Мышление субъекта – вот место истины в последекартовской метафизике, решения которой всегда выглядят результатом активности субъективного познания, приводящего в какую-то систему или организацию «страдательный» мир объектов. В эту рамку или, употребляя хайдеггеровский термин, в картину мира (Weltbild) укладывается вся западная философия Нового времени, всякое истолкование сущего, которое в логическом мышлении отражалось всегда как связывание субъекта и предиката. Несмотря на все разнообразие метафизических решений, принцип в каждом из них оставался неизменным: строение суждения должно соответствовать строению вещи. Но – говорит Хайдеггер, – «и то, и другое, строение суждения и строение вещи в своей слаженности и в своих возможных взаимосвязях берут начало в одном общем для них изначальнейшем источнике»[162]. «Изначальнейший источник» есть бытие, которое открывается человеку не в виде добытых им знаний, не в результате усилий ratio, служащего субъекту в качестве инструмента, организующего мир объектов, но в отказе от субъективности мышления и предоставлении самого себя потоку бытия, этому струящемуся океану, текущему через нас. Если в данном случае уместно говорить об активности человека, то она заключается лишь в том, чтобы открывать себя этому потоку, внимать его голосу (Stimme), следовать за ним, настраиваться (stimmen) на его звучание и переносить эту настроенность (ge-stimmheit) в округу здесь-бытия, в человеческую реальность. Для древнего грека (служащего как бы эталоном человека для Хайдеггера) эта настроенность осуществлялась в управлении полисом, в создании художественных творений, в «совершении» истории, в почитании богов и героев. Само бытие словно говорило его речами, действовало в его поступках, раскрывало себя в его мышлении. В настроенности выражалась особого рода активность и особого рода зависимость человека, при которой он становился слушающим (hörende) бытие и послушным (gehörende), принадлежащим ему.

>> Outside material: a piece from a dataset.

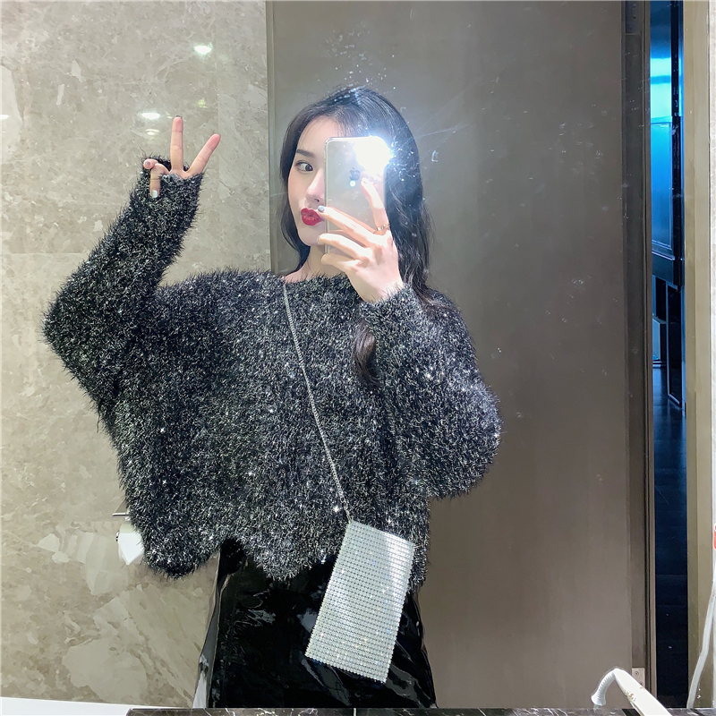 / 新款亮閃閃短款毛衣港風時尚套裝百搭亮皮半身裙包臀裙chic兩件套

Удивление – исток его мышления. И, разумеется, в эпоху, когда мышление было еще способно питаться из подобного истока, в «великое время греков», истина, как утверждает Хайдеггер, мыслилась совершенно иначе, нежели теперь – в век противопоставления субъекта и объекта. Иным было и понимание сущности вещи, поскольку всякая вещь «отсвечивала» гранью бытия всего сущего и эта принадлежность вещи бытию ощущалась человеком ближе, чем все ее внешние свойства и качества. Традиционное истолкование вещи как носительницы своих признаков возникло уже на почве метафизики. Метафизика отвернулась от бытия (ибо человек уже не смог вместить истины бытия в ее открытости и стал искать ее в метафизическом укрытии). И тогда метафизическое представление об истине стало истолкованием истины как достоверности мышления. Такое истолкование «не столь уж естественно, несмотря на то, что очень привычно и весьма распространено. Вероятно, только привычность давней привычки кажется нам естественной, а эта привычность забыла о том непривычном, из какового она про-истекала. А это непривычное однажды все же глубоко поразило человека, и, будучи поразительно странным, вызвало глубокое изумление мысли»[163].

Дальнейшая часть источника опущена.